JAPAN-SKOREA-E-COMMERCE-IT-MERGER

SoftBank’s Yahoo Japan to merge with Line app operator

TOKYO, Nov 18, 2019 (BSS/AFP) – Japan’s Softbank said Monday it will merge
its Z Holdings unit — formerly called Yahoo Japan — with popular chat app
Line in a multibillion-dollar deal it hopes will help it better compete
against big guns in the digital services sector such as Amazon.

The tie-up will create a tech giant worth $30 billion, with Softbank and
South Korea’s Naver Corp, which owns a majority stake in Line, to offer
shareholders 5,200 yen a share.

Once the deal expected in October next year is agreed, the new company
will delist with each side holding a 50 percent stake.

SoftBank holds about 44 percent of Z Holdings while Naver owns 73 percent
of Line. The two expect to spend 170 billion yen ($1.56 billion) each on the
bid.

“(Yahoo Japan) was a rival firm with a similar vision. But today we made a
very big decision to take each other’s hands,” LINE chief executive Takeshi
Idezawa told reporters at a joint press conference.

“The word ‘one team’ trended after the Rugby World Cup in Japan. We’ll
also aim to make the strongest one team,” Z Holdings CEO Kentaro Kawabe said.
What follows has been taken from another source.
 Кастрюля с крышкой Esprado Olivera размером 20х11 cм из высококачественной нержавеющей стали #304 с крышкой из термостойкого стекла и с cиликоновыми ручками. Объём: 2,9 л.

The company heads said they decided to merge because they shared the same
“sense of crisis”.

“The IT industry has a structure of ‘winner takes all’… we’re much
smaller even as a merged company in every aspect such as operating profit and
R&D compared to US firms,” Idezawa said.

Kawabe described how the merger could help with some of the issues facing
Japan, such as labour shortages and natural disasters.
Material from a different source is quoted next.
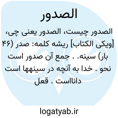 سینه.. جمع آن صدور است نحو. خدا به آنچه در سینه‏ها است دانااست. قعل صدر چون با «عن» متعدی شود معنای رجوع می‏دهد «صَدَرَ عَنِ الْمَکانِ» یعنی از مکان برگشن. و چون با «من» متعدی شود به معنی بروز و ظهور باشد «صَدَرَ مِنْهُ الْاَمْرُ» یعنی این کار از او بروز کرد. ایضاً به معنی حدوث و حصول آید «صَدَرَ الْاَمْرُ صُدُوراً» یعنی کار حادث شد. و نیز صدر به معنی رجوع و ارجاع (لازم متعدی) آمده است (اقرب).. «یصدر» در قرآن‏ها به ضم (ی) و کسر (د) نوشته شده ولی به فتح (ی) و ضمّ (د) از باب نصر ینصر نی خوانده‏اند. بنابر اول معنای آن چنین است: گفتند ما گوسفندان خود را آب نمی‏دهیم تا چوپان‏ها مواشی خود را از آب بر گردانند. پدر ما پیری بزرگ است. و بنابر دوم این است... تا چوپان‏ها از آب بر گردند.. ممکن است «یصدر» به معنی حدوث باشد یعنی آن روز مردم به طور پراکنده و متفرق حادث و ظاهر می‏شود. شاید به معنی بروز باشد یعنی «یَصْدُرُ النّاسُ مِنَ الْاَرْضِ اَشْتاتاً» چنانکه در آیه دیگر آمده. و نیز آمده. در «شتت» گفتیم: ظاهراً مراد از اشتات متفرق و بی نظم بودن است چنانکه فرموده. حدوث. بروز نزدیک به هم اند. آیاتی هست درباره سعه صدر تنگی آن و اینکه خدا شرح صدر عطا می‏کند و سینه را تنگ می‏گرداند. نظیر. ایضاً. و مثل. مراد از صدر در این آیات چیست؟ آیا سینه است یا قلب و به اعتبار حال و محل قلب را صدر خوانده است؟ به نظر می‏آید: منظور سعه و ضیق قلب است و به اعتبارآن که قلب در سینهاست صدر گفته شده و اینکه بعضی‏ها قلب را به معنی نفس گرفته‏اند به دلیل اینکه درک و فهم و غیره مال نفس است نه قلب در «قلب» شرح داده خواهد شد. در بعضی آیات افعالی نسبت داده شده نظیر،،. از این قبیل است آیاتیکه درباره شفای صدور، کینه صدور، محتویات صدور، وسوسه صدور اند مثل،،، به نظر من مراد از همه آنها قلوب است و به اعتبار حال و محل صدور به کار رفته است واللّه اعلم.
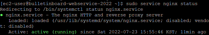 다음 명령어를 통해 nginx의 상태를 보면 잘 실행되었음을 알 수 있다.

“The population in Japan will decline… and productivity will drop, which
can be solved with IT. We can also save more lives in case of disaster,” he
said.

Line was launched in 2011 after Japan’s massive quake-tsunami damaged
telecoms infrastructure.

It combines features from Facebook, Skype and WhatsApp with games and a
mobile-payment service.

SoftBank and Line have increasingly competed in fields such as digital
payments, while both firms have also been investing in AI to improve their
services.

Shares in Line ended up more than two percent in Tokyo on Monday, while Z
Holdings rose more than one percent.